Joe felt blessed. This blind and urgent marriage had proved a magic carpet into lives, places, societies previously beyond his horizon. He had not expected any of this and to absorb it was not easy, it was puzzling, there seemed nothing in his past life that linked to this new world and yet everywhere he was accepted as a natural part of it.

‘I like the dogs,' he said.

‘That's lucky.'

‘Yes.' They were German shepherds. ‘I got on their good side as fast as I could.'

‘Do you see how special they are, Isabel and Alain?'

‘Oh yes.' He meant it and repeated the affirmation. Alain and Isabel Brossart had been emphatically welcoming to him, first at their house near La Rotonde and now here at their house by the sea to which Alain had been obliged to return for a week, giving Isabel the much desired opportunity to have the two young people to herself despite her hatred of the coast in the summer months.
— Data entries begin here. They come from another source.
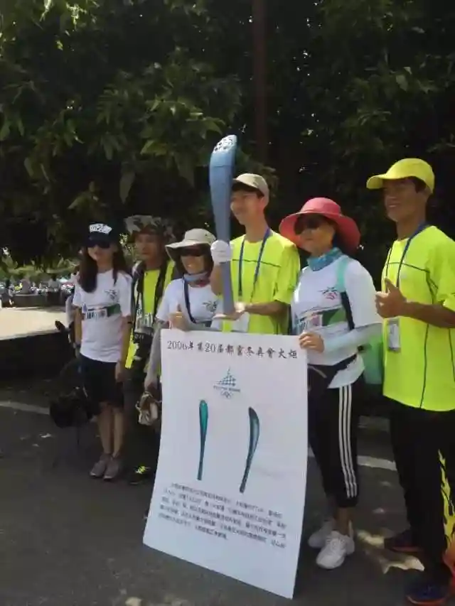 原来在徒步过程中,还有不同的火炬展示,大家争相合影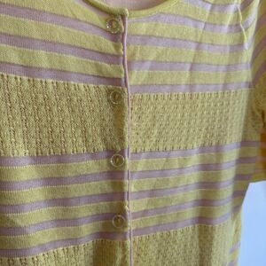 Brighten your wardrobe with this stylish yellow striped top. Perfect for casual outings, it offers comfort and a chic look.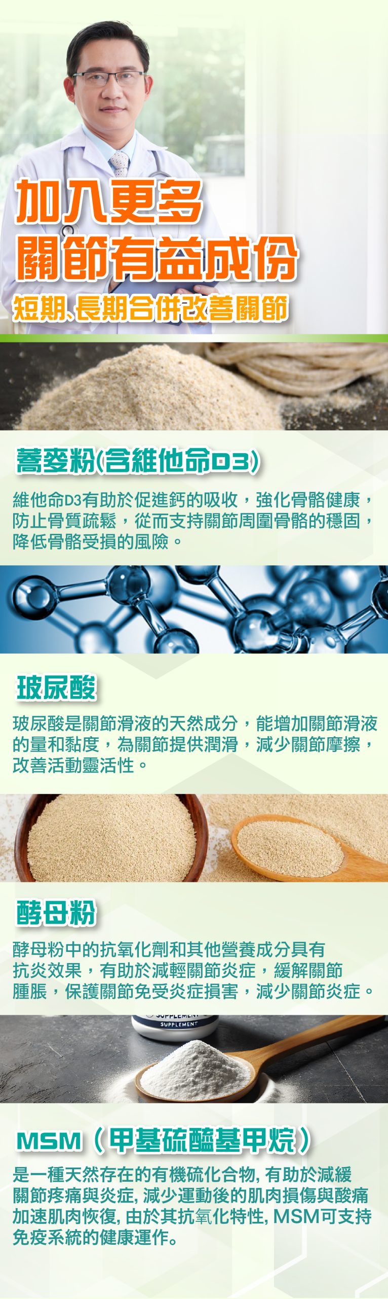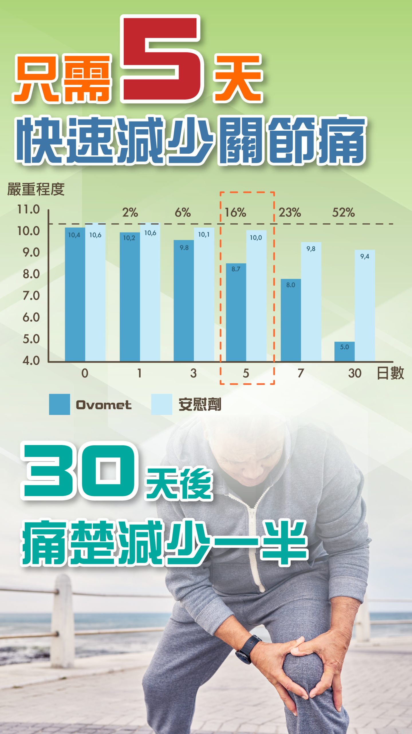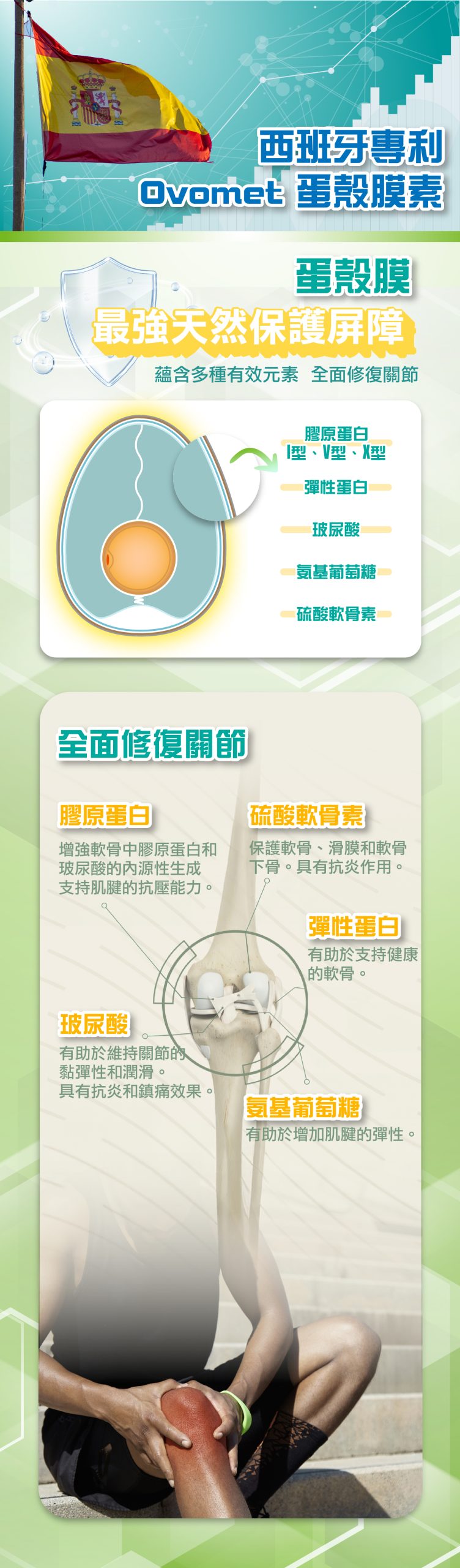 1. 減輕關節疼痛與僵硬:專利Ovomet®蛋殼膜和玻尿酸有效修復軟骨,快速舒緩關節不適。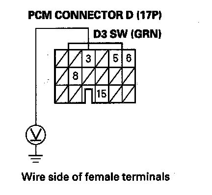 Home >> Honda >> 2007 >> Element 4WD L4-2.4L >> Repair and Diagnosis >> Powertrain Management >> Transmission Control Systems >> Testing and Inspection >> Component Tests and General Diagnostics >> D3 Switch Circuit Troubleshooting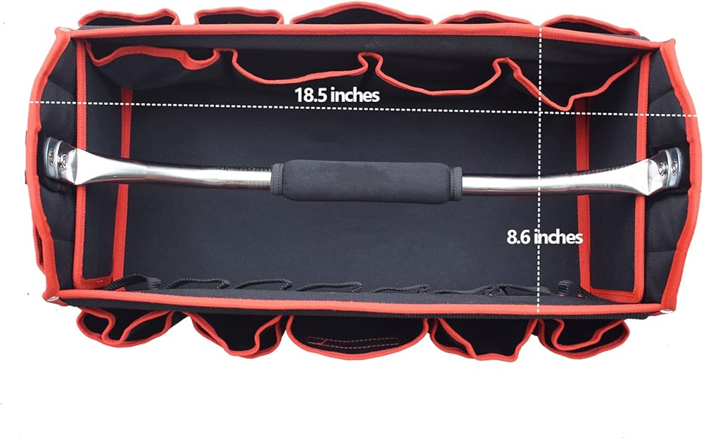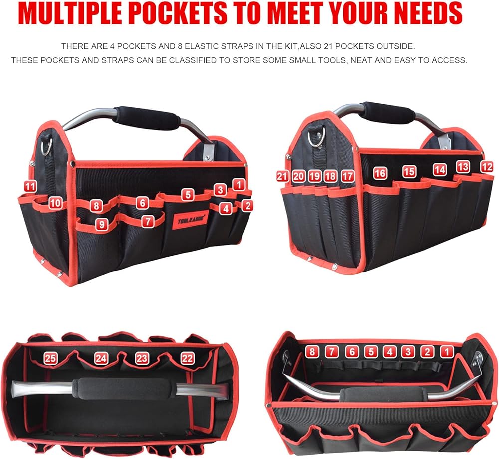 【25 Pockets & Large Capacity】:There are 4 pockets in the kit and 21 pockets outside. These pockets can be classified to store some small tools, neat and easy to access, 19-inch capacity can meet most of the daily tools storage.s, 14-inch capacity can meet most of the daily tools storage.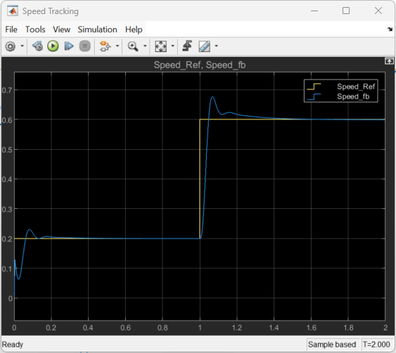 The following figure shows an example of closed-loop tracking performance. In this simulation, the reference speed steps through values of 695.4 rpm (0.2 per-unit) and 1738.5 rpm (0.5 pu). The PI and reinforcement learning controllers track the reference signal changes within 0.5 seconds.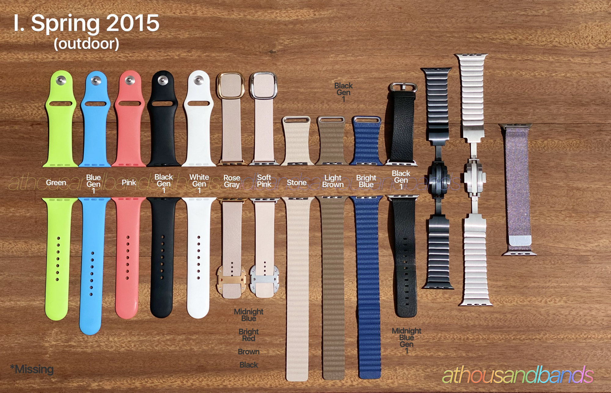 Awesome illustration. Much better than the first attempt! The scary part is knowing that someone out there has literally every single band of all styles Apple has ever made, probably including a gold link. For sure someone who works at Apple.Bear with me folks...believe it or not my post of all my spring 2015 bands yesterday wasn’t my first attempt and yet it was so rough. I realized what I thought was my midnight blue LL is actually bright blue (don’t worry I dug out the box) and so I figured I better start over and enlisted @mikedop to check my work copying over @choreographics seasonal data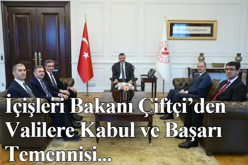 Cumhurbaşkanı Recep Tayyip Erdoğan’ın tensipleriyle yeni görev yerlerine atanan Afyonkarahisar Valisi Naci Aktaş, Hakkari Valisi İbrahim Taşyapan, Uşak Valisi Serdar Kartal, Erzurum Valisi Aydın Baruş ve Gümüşhane Valisi Cevdet Atay, İçişleri Bakanı Mustafa Çiftçi tarafından kabul edildi.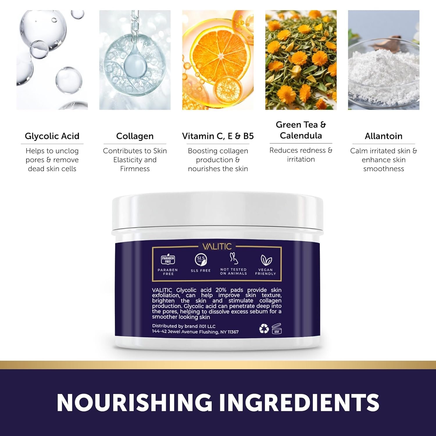 Allantoin, Green Tea and Calendula – These ingredients are incorporated into glycolic acid pads for their soothing and anti-inflammatory properties, reducing irritation and promoting better complexion
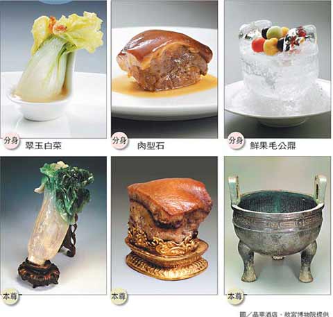 “國寶”可以看在眼里,還可以吃到嘴里。從今天起,臺北故宮院區內正式推出“國寶宴”,毛公鼎、弦紋鼎、翠玉白菜、肉形石、白玉錦荔枝,這些故宮的鎮館之寶、“文物明星”端上了餐桌。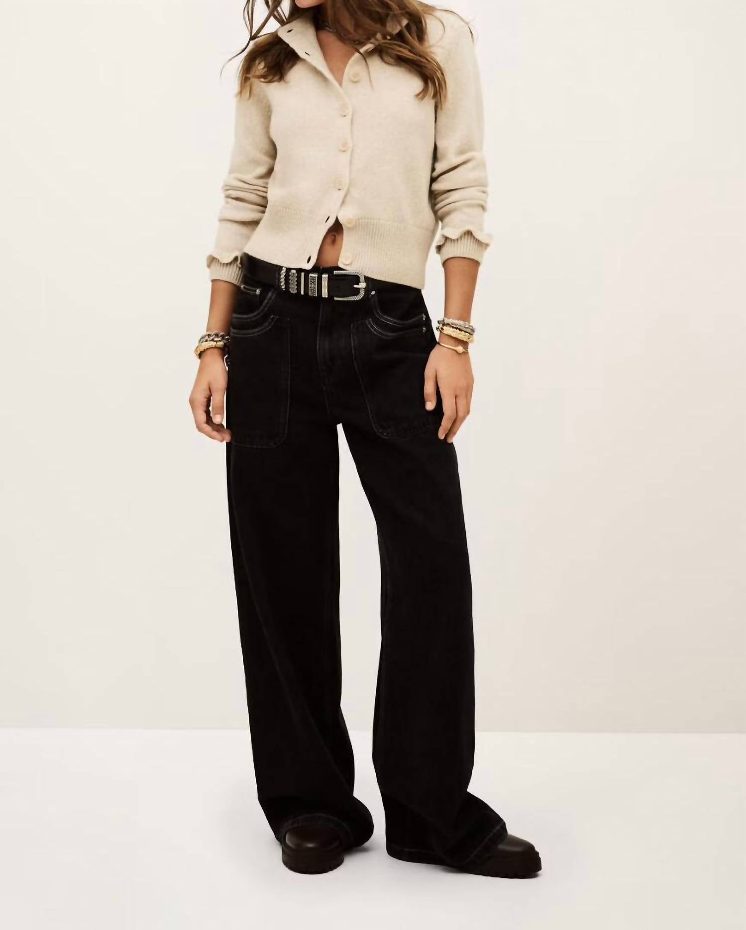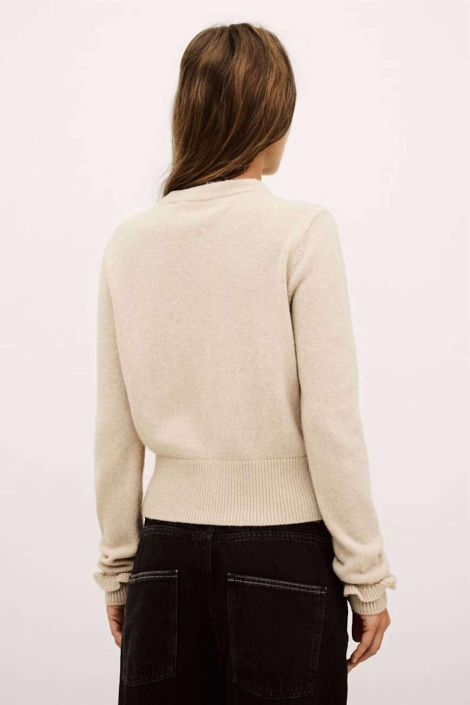 This cardigan will be a sweater-rotation favorite. Introducing the Karante Round Neck Cardigan by ba&sh, a minimalist and elegant addition to your fall wardrobe. This beige cardigan features long fitted sleeves with ruffled wrists and a round collar, offering a chic yet cozy aesthetic. Made from 100% wool, sourced from a certified supply chain that prioritizes animal welfare, it boasts a ribbed hem and sleeve cuffs for added style. Originating from Bulgaria, it closes with buttons and requires hand washing, high-temperature ironing, and flat drying for lasting quality.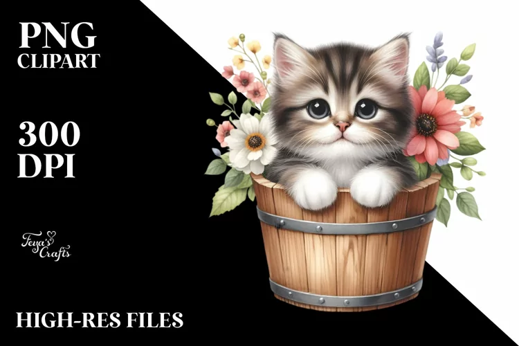 Similar Design Products to Cute Baby Cat in Wood Bucket PNG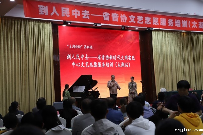 10月22日,“到人民中去——省音协文艺志愿服务培训(太湖县站)”活动在太湖县举行。由省文联副主席、省音协主席盘龙,省音协副主席、安徽艺术职业学院音乐学院院长、教授邝实,省音协副主席、秘书长徐海燕组成的文艺志愿者服务小分队走进太湖,为当地送去了一堂别开生面的声乐专题讲座。当地县委、市文联、县文旅体局、教育局负责人及200名余艺术工作者和爱好者聆听了本次的讲座。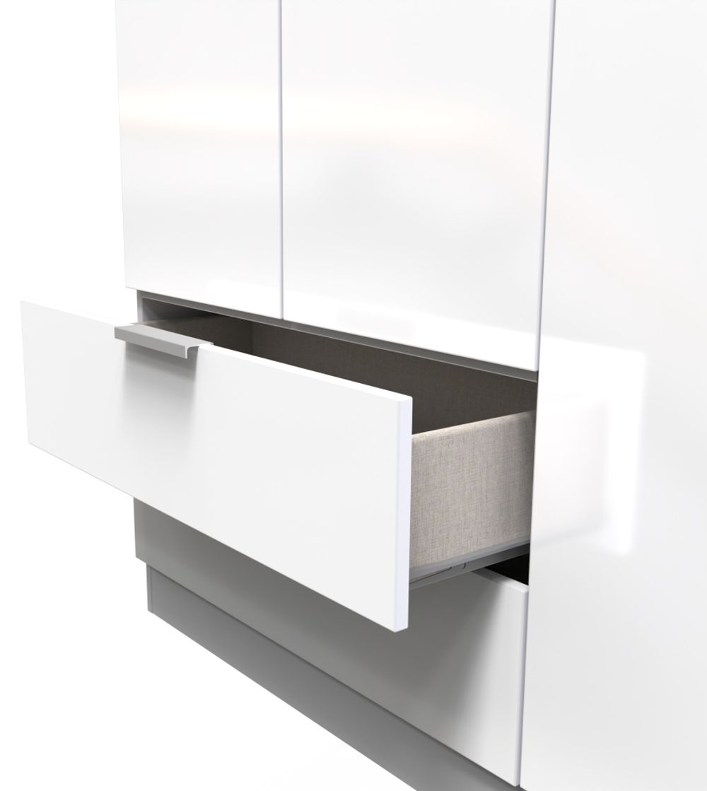 Plymouth White Gloss 3 Door Tall Triple Wardrobe - LHF 2 Drawers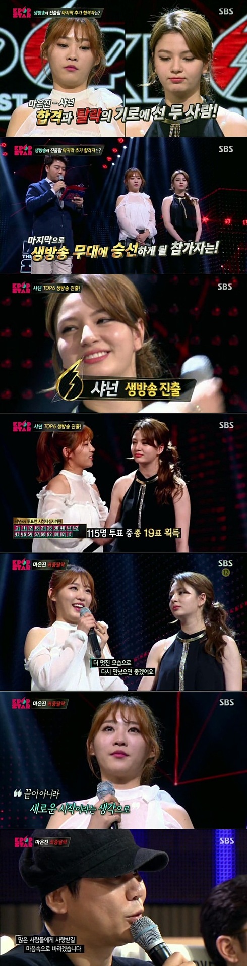 최종 탈락자가 된 마은진은 “'K팝스타6' 나온 이유가 무대에서 노래하고 싶었기 때문이다. 생각지 못하게 좋은 이야기도 많이 들었고, 많이 무대에 설 수 있어서 행복했고 하나하나가 소중했다"며 자신을 지지해줬던 시청자들에게 만족스러운 결과를 주지 못한 것에 아쉬움을 나타내며 하염없이 눈물을 흘렸다.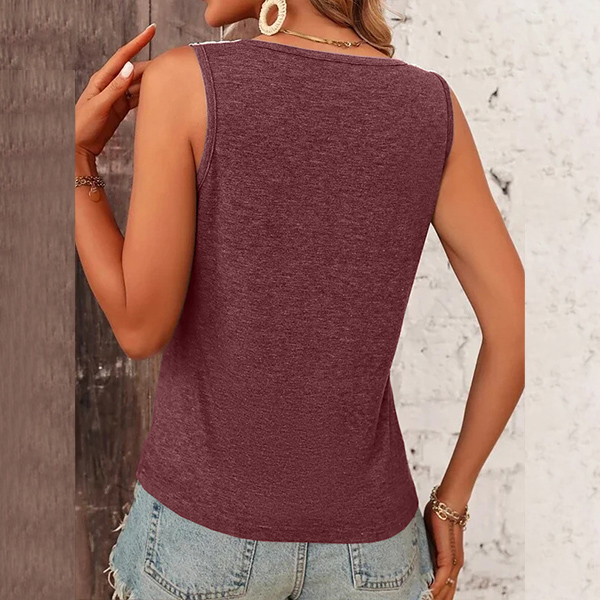 Casual Lace Spliced Buttoned Sleeveless Shirt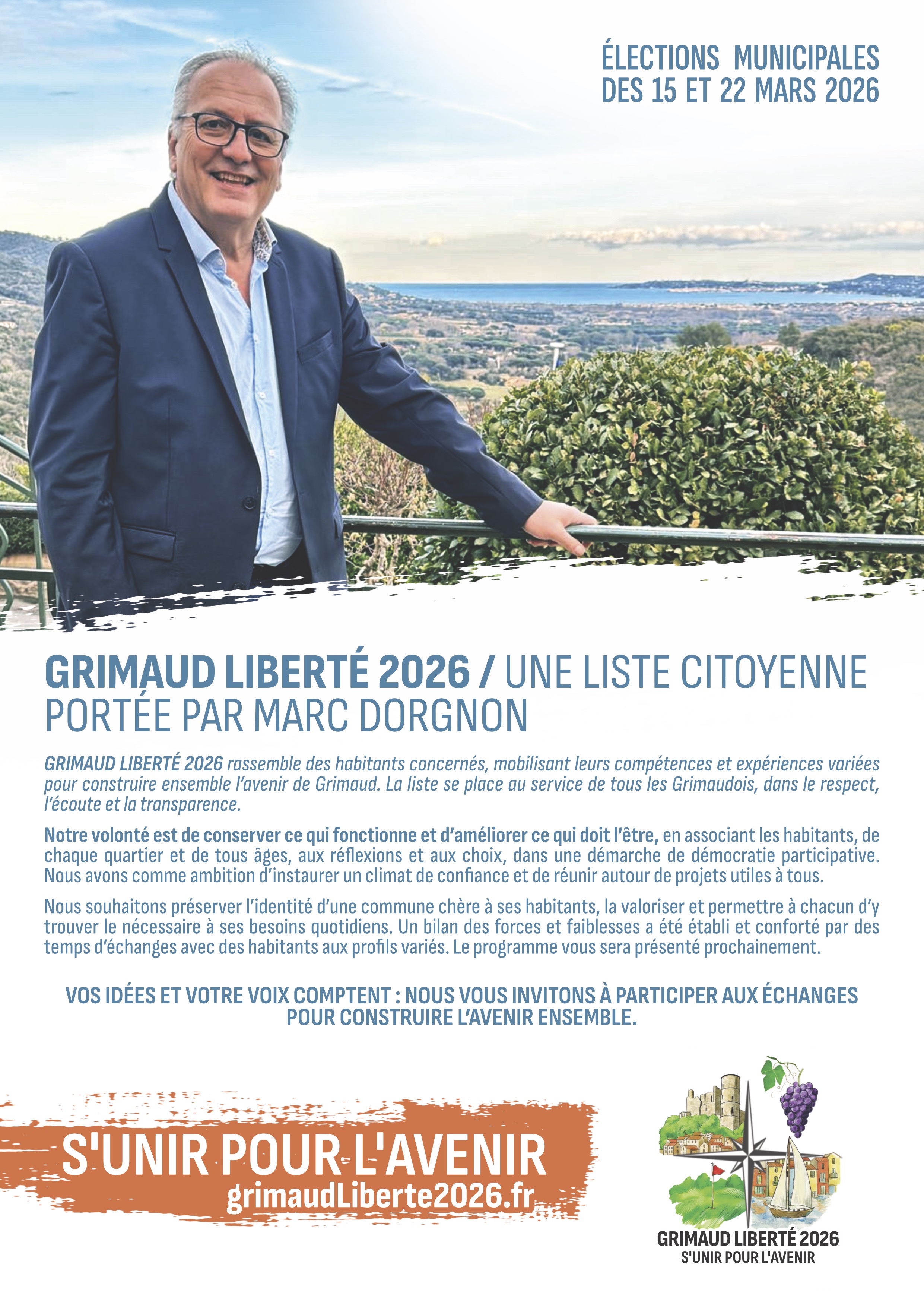 La liste Grimaud Liberté 2026 annonce sa participation aux élections municipales de mars 2026 et présente Marc Dorgnon comme tête de liste.

‘We must go in,' Natasha said, ‘Isabel doesn't like us to be late for
l'apéritif
.'

Joe got up very stiffly.

‘Why are you so stupid about the sun, Joseph?'

He shook his head. The beach had been irresistible; warm pure sand which trickled so finely through his fingers, warm blue sea, blue clear skies, sun-filled all day. It was privilege and luxury, it was to his damp Northern-clouded childhood the temptation which had to be taken for it might never come again. Perhaps, Joe told himself, seeking justification, it provoked a deep instinctively compelling sun worship denied for centuries in the weather-beaten North. More likely it began in La Rotonde as a show-off aim to get a tan, surest proof of a holiday
Abroad. Loot. It soon became an addiction. Though pitied by Natasha, warned by Alain – ‘speaking as a doctor' – and told crossly by Isabel that it was not at all ‘chic', he persisted.

His lips were still a little blebbed. His shoulders had been blistered but had started to peel. From his knees to his shins his legs smarted and at night the pain could be acute but he had stuck at it, waiting for the day when the pink would mature to the oaken brown of the film stars and the playboys.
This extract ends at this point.